In this section, we verify the effectiveness of our FedCTR method in privacy protection when exploiting multi-platform user behavior data for user modeling. Since user embeddings learned from different platforms may contain private information that can be used to infer the raw behavior data [24], we use LDP and DP to protect the local and aggregated user embeddings, respectively. In our experiments, we observe that the sensitivity of local user embeddings is about 0.05, which means that their privacy budget \(\epsilon\) is 5. The privacy budget of the aggregated user embedding is smaller, because more noise is added. To empirically evaluate the privacy protection performance of these embeddings, we use a behavior prediction task by predicting the raw user behaviors from the local and aggregated user embeddings to indicate their privacy protection ability. The evaluation framework is shown in Figure 8. More specifically, for each user, we randomly sample a real behavior of this user (regarded as a positive sample) and \(P-1\) behaviors that do not belong to this user (regarded as negative samples).6 The goal is to infer the real behavior from these P candidate behaviors by measuring their similarities to the user embedding. We perform dot product between the embeddings of each user-behavior pair to compute relevance scores \([z_1, z_2,\ldots , z_P]\), then all candidate behaviors are ranked according to the relevance scores.7 We use AUC as the metric to evaluate the privacy protection performance, and lower scores mean better privacy protection.
Fig. 8.
Fig. 8. The evaluation model framework in our privacy protection experiments.
There are two key hyperparameters in the LDP and DP modules, i.e., \(\lambda _{LDP}\) and \(\lambda _{DP}\), which control the strength of the Laplacian noise added to user embeddings. We first vary the value of \(\lambda _{LDP}\) to explore its influence on privacy protection and CTR prediction, and the results are shown in Figures 9(a) and 10(a), respectively.8 We find that although the CTR prediction performance is slightly better if the local user embeddings are not protected by LDP, the raw user behaviors can be inferred to a certain extent, which indicates that the private information of local user embeddings is not fully protected. Thus, it is important to use LDP to protect the local embeddings learned from different behavior platforms. In addition, if \(\lambda _{LDP}\) is too large, then the CTR performance declines significantly, and the improvement on privacy protection is marginal. Thus, we choose a moderate \(\lambda _{LDP}\) (i.e., 0.01) to achieve a trade-off between CTR prediction and privacy protection. Then, we explore the influence of \(\lambda _{DP}\) on the performance of FedCTR in privacy protection and CTR prediction (under \(\lambda _{LDP}=0.01\)), and the results are, respectively, shown in Figures 9(b) and 10(b). We find it is also important to set a moderate value for \(\lambda _{DP}\) (e.g., 0.005) to balance the performance of CTR prediction and privacy protection. Besides, comparing the privacy protecting performance on local and aggregated embeddings, we find that it is more difficult to infer the raw user behaviors on a specific platform from the aggregated user embedding than from local user embeddings. We hypothesise this may be because the aggregated user embedding is a summarization of local embeddings, thus the private information is more difficult to be recovered.
Fig. 9.
Fig. 9. Privacy protection of local and aggregated user embedding under different \(\lambda _{LDP}\) and \(\lambda _{DP}\) values. Lower AUC indicates better privacy protection.
Fig. 10.
Fig. 10. Influence of \(\lambda _{LDP}\) and \(\lambda _{DP}\) on CTR prediction.

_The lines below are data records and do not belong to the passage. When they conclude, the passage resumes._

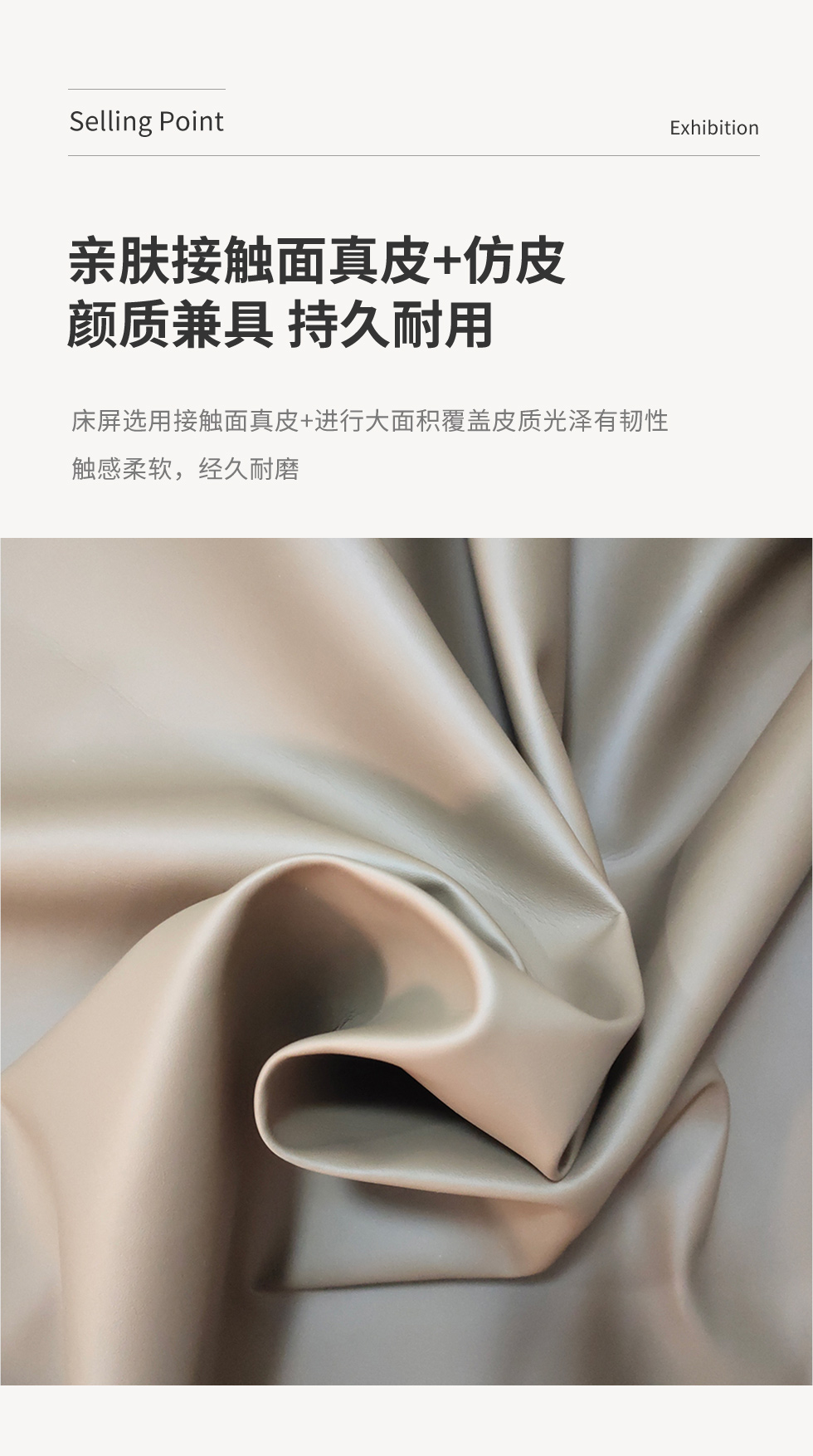 B系优选 现代简约 接触面真皮+仿皮+木框架高密 度回弹海绵+静音防滑实木十分排骨条+五金脚+静音条 卡其色加上配色 1.5米 真皮软床(价格不含高箱,如需定制请咨询客服) |
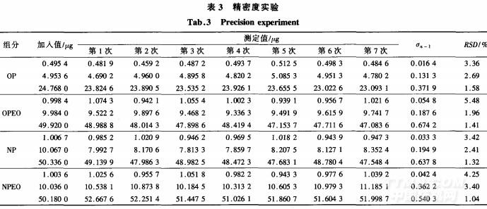 采用添加法在待測(cè)樣品中添加3個(gè)不同質(zhì)量濃度水平的OP,OPEO,NP和NPEO,進(jìn)行回收率測(cè)定。每個(gè)水平單獨(dú)測(cè)定9次。結(jié)果表明,其回收率為96.82%~103.39%。
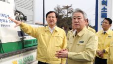 [이데일리 김태형 기자] 강호동(오른쪽) 농협중앙회장과 안병우 축산경제 대표이사가 5일 충북 음성군 삼성면 거점소독시설을 방문- 6시간전
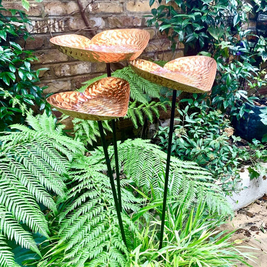 Set Of Three Copper Chalice Garden Pot Sculptures
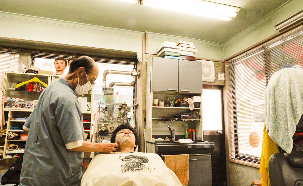 至福のシェービングタイム。蒸しタオルの熱さと、カミソリの冷たさが交互に肌を撫でる。美容室では味わえない、理容室だけの特権だ。
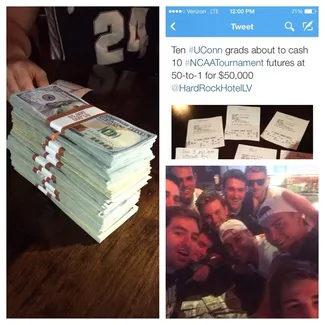 C'est la belle histoire de douze copains de promotion de l'université de Connecticut dont ils ont été diplômés au printemps 2013. Partis en vacances à Las Vegas au mois de novembre dernier, ils ont tous misé la somme de 100 dollars sur un titre des Huskies. A l'époque, Shabazz Napier et sa bande étaient attendus à la March Madness mais guère mieux. La cote de l'équipe était de 50 contre 1 au Hard Rock Hotel and Casino, l'hôtel où la bande se trouvait.

4.5 Study on Computational and Communication Cost

In this section, we present some analysis of the computational and communication cost of FedCTR. Since the self-attention network has quadratic complexity with respect to the input sequence length, the total theoretical computational cost of CTR prediction on each platform is \(O(M^2+MN^2)\), where N is the number of words in a user behavior and M is the number of the behaviors of a user on this platform. In practice, the local training time takes around 2,300 s per epoch (two epochs in total). In our FedCTR model, there are 88.56M parameters in total. Among them, the word embeddings on different platforms take 84.92M parameters, and the Ad ID embeddings have 2.07 parameters. In the model training process, there are 21,580 rounds of communications among the user server and behavior platforms. The overall communication cost in the model training process is 168.59 MB (all parameters are in 32-bit float format), which is mainly handled by the user server. The size of communicated data is quite acceptable for the behavior platforms and user server, which usually have adequate communication bandwidths.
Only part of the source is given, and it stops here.